* Records provided *
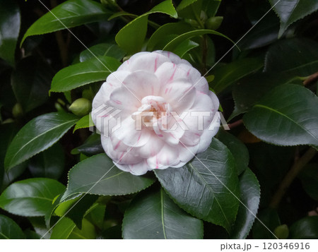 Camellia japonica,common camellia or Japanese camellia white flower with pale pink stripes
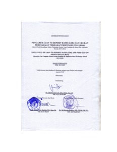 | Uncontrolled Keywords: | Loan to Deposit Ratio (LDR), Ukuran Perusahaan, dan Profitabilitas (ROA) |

==

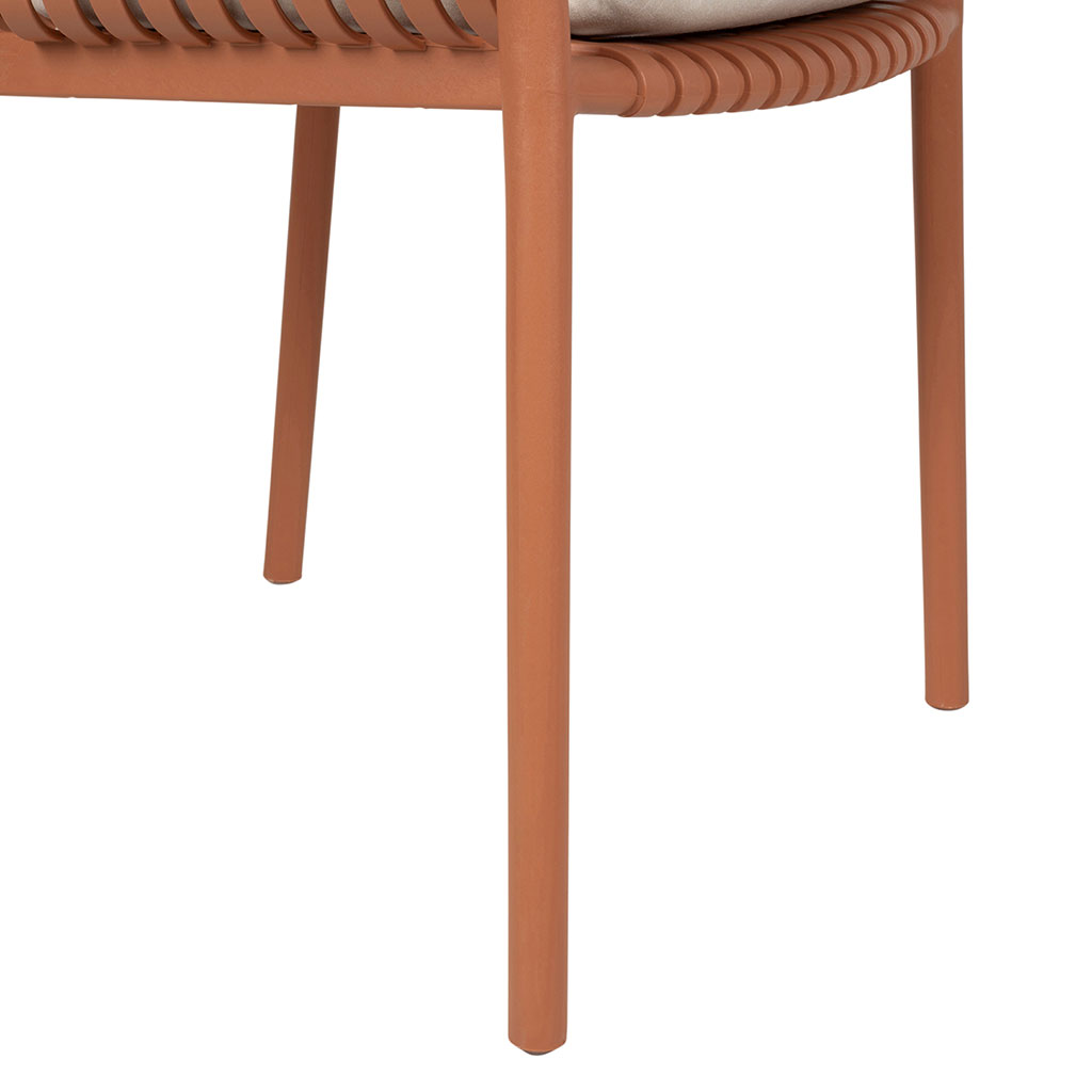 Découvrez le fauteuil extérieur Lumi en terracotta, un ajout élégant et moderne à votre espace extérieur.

--

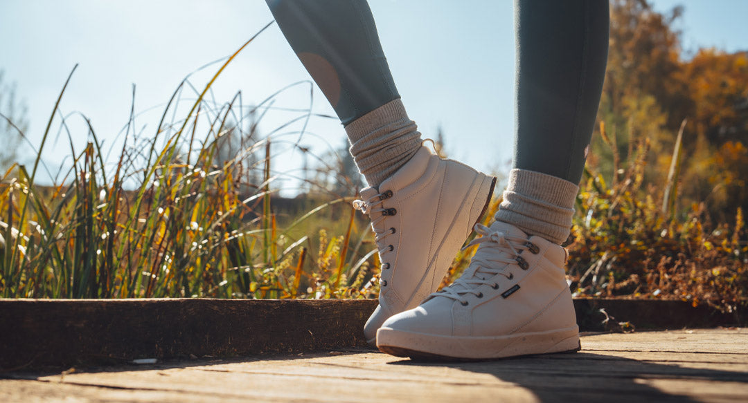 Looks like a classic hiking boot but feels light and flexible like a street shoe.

* What is being asked *
The answer should consist only of the lines above from the one with "Camellia japonica,common camellia" through the one with "Profitabilitas (ROA) |", repeated exactly, with no pictures among them.

* Task result *
 Camellia japonica,common camellia or Japanese camellia white flower with pale pink stripes
 | Uncontrolled Keywords: | Loan to Deposit Ratio (LDR), Ukuran Perusahaan, dan Profitabilitas (ROA) |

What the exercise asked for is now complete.